» **WHAT TO PRODUCE**
Only one stretch of the data should be retyped: the lines from the line containing "Алхім опублікувала в" through the line containing "다만, 2019년부터는 근로소득간이지급명세서". Keep pictures out of it.

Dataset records
________________________________________
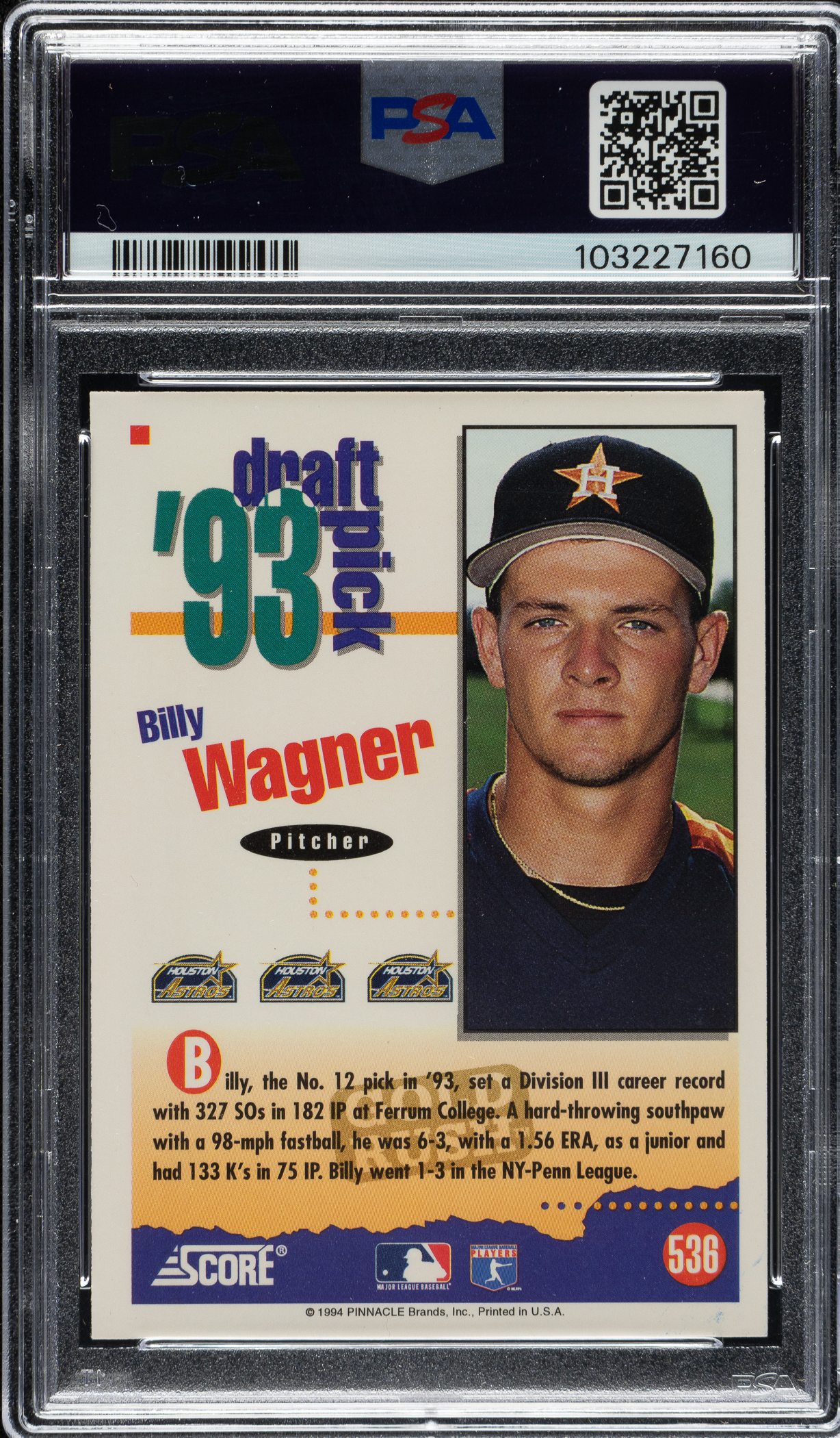 PSA/DNA has encapsulated the card, grading the signature GEM MINT 10. Houston Astros Hall of Famer Billy Wagner.
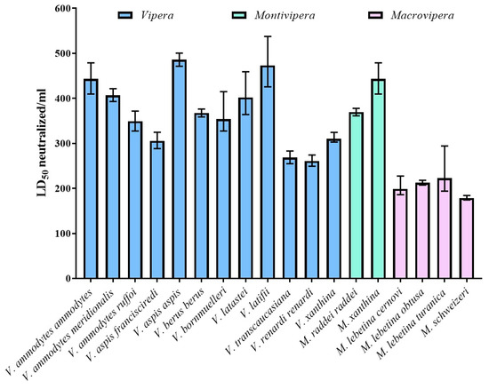 The following are available online at https://www.mdpi.com/2072-6651/11/3/149/s1, Figure S1: Comparison of the median lethal dose values (LD50) of the venoms used in the present study determined by intravenous injection in in mice.
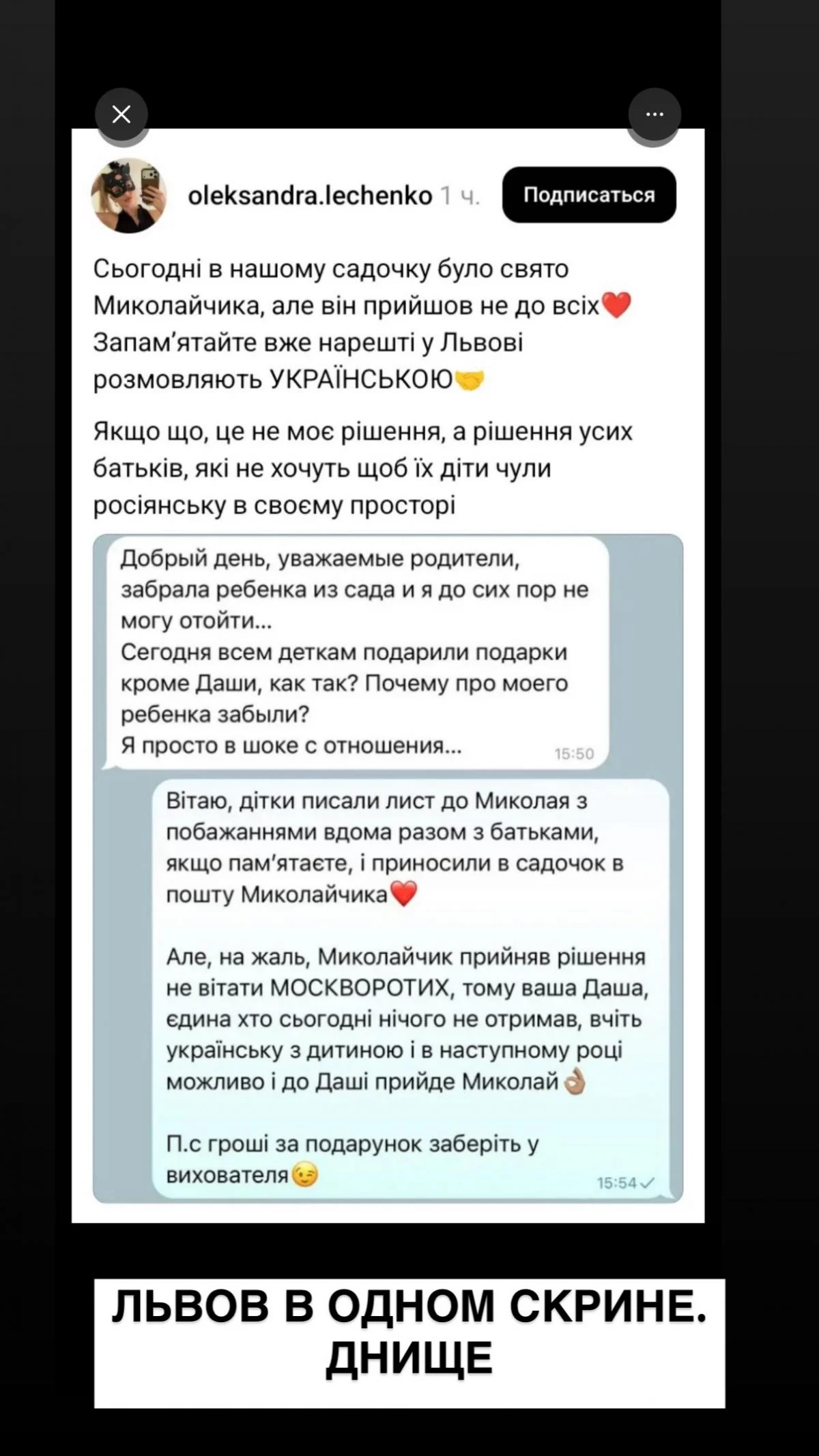 Алхім опублікувала в Instagram скриншот із Threads, де анонімна користувачка стверджувала, що її дитину нібито не привітали з Днем святого Миколая через її російську мову. У пості йшлося, що інші батьки спільно ухвалили таке рішення, а матері малечі порадили "вивчити українську, щоб наступного року теж прийшов Миколай".
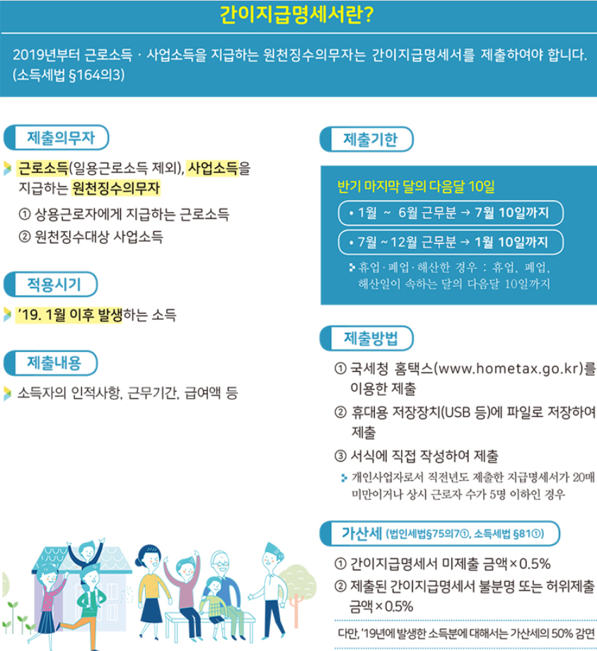 다만, 2019년부터는 근로소득간이지급명세서 제도가 도입되어 기존의 지급명세서 제출과 별도로 근로소득간이지급명세서를 제출하여야 한다.
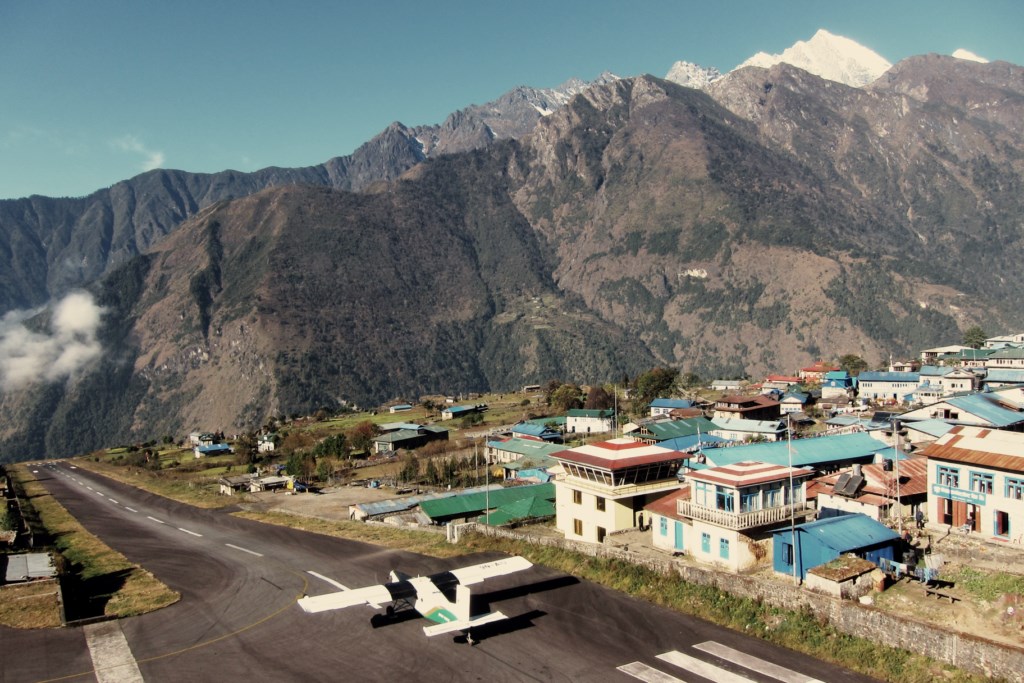 Pegamos um aviãozinho turboélice com lugar para dez passageiros. O pouso foi em Lukla, na pista de aterrissagem mais perigosa do mundo, segundo o Discovery Channel. Além dos ventos muito fortes e imprevisíveis, a pista é curta, super inclinada e delimitada por precipícios. Já aconteceu algumas vezes do avião cair nos despenhadeiros, ou mesmo capotar na pista, matando todos a bordo. Que aventura! Mas, pelo menos, começamos a caminhada a partir de 2.840m de altitude. Os exploradores do passado tinham que sair de Katmandu, com seus 1.400m.
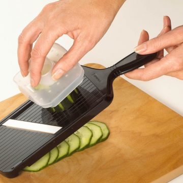 Mandolina CSN-202BK de Kyocera, de color negro con hoja de cerámica, regulable, para un corte en 4 espesores diferentes y muy finos:
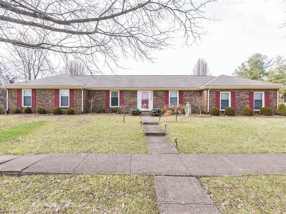 An all brick ranch on a big, beautifully maintained corner lot in the established and sought after gorgeous Fontaine Estates subdivision. From the custom cherry kitchen cabinets to the like new hardwood floors, fresh paint and carpet this home is move in ready. It features a formal living room; formal dining room; den with fireplace; additional eating area off the kitchen; an added bathroom with shower; large laundry room; large bedrooms; a newly covered patio with ceiling fan, over looking the large backyard; shed; gorgeous landscaping and newer roof (2017.)
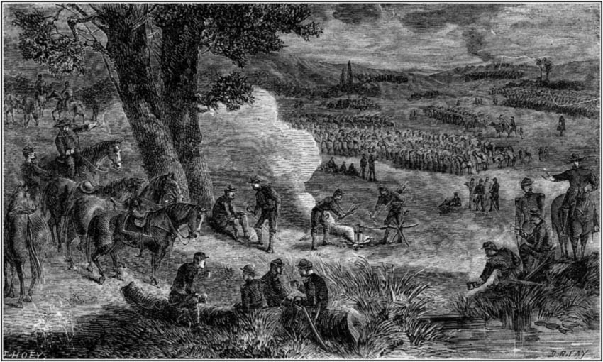 Early in the morning of October tenth the enemy, in heavy force, came down upon our pickets along the Robertson River, driving us back in haste and occupying the fords. The flank movement of General Lee was fully understood. He had crossed the Rapidan, advanced to Madison Court House, and was lapping around our right wing, threatening it with destruction. Quick work on our part was now necessary. Swift messengers from officers high in command brought orders to retire with promptness, but in good order, if possible. Our boys, in many instances, were compelled to leave uneaten and even untasted their palatable preparations for breakfast of roast lamb, sweet potatoes, fine wheat bread, milk [Pg 326]and honey, &c., to attend to the stern and always unpleasant duties of a retreat, with the enemy pressing very closely upon us.
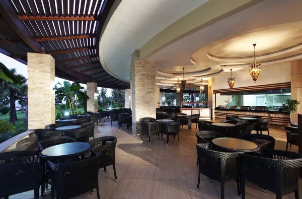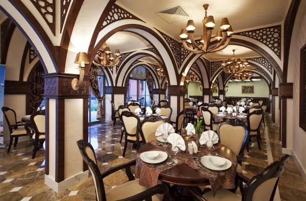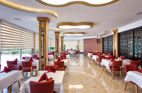 Viešbutyje veikia pagrindinis restoranas bei keli à la carte restoranai (osmanų ir italų virtuvės), kuriuose būtina išankstinė rezervacija. „Viskas įskaičiuota“ sistema siūlo gausų švediško stalo pasirinkimą, kur dominuoja turkiški skoniai, šviežios daržovės, vaisiai ir gausybė saldumynų. Paplūdimio ir baseino barai dienos metu tiekia užkandžius, picas bei tradicinius turkiškus blynelius – gözleme.
________________________________________
» **ANSWER SECTION**
 Алхім опублікувала в Instagram скриншот із Threads, де анонімна користувачка стверджувала, що її дитину нібито не привітали з Днем святого Миколая через її російську мову. У пості йшлося, що інші батьки спільно ухвалили таке рішення, а матері малечі порадили "вивчити українську, щоб наступного року теж прийшов Миколай".
 다만, 2019년부터는 근로소득간이지급명세서 제도가 도입되어 기존의 지급명세서 제출과 별도로 근로소득간이지급명세서를 제출하여야 한다.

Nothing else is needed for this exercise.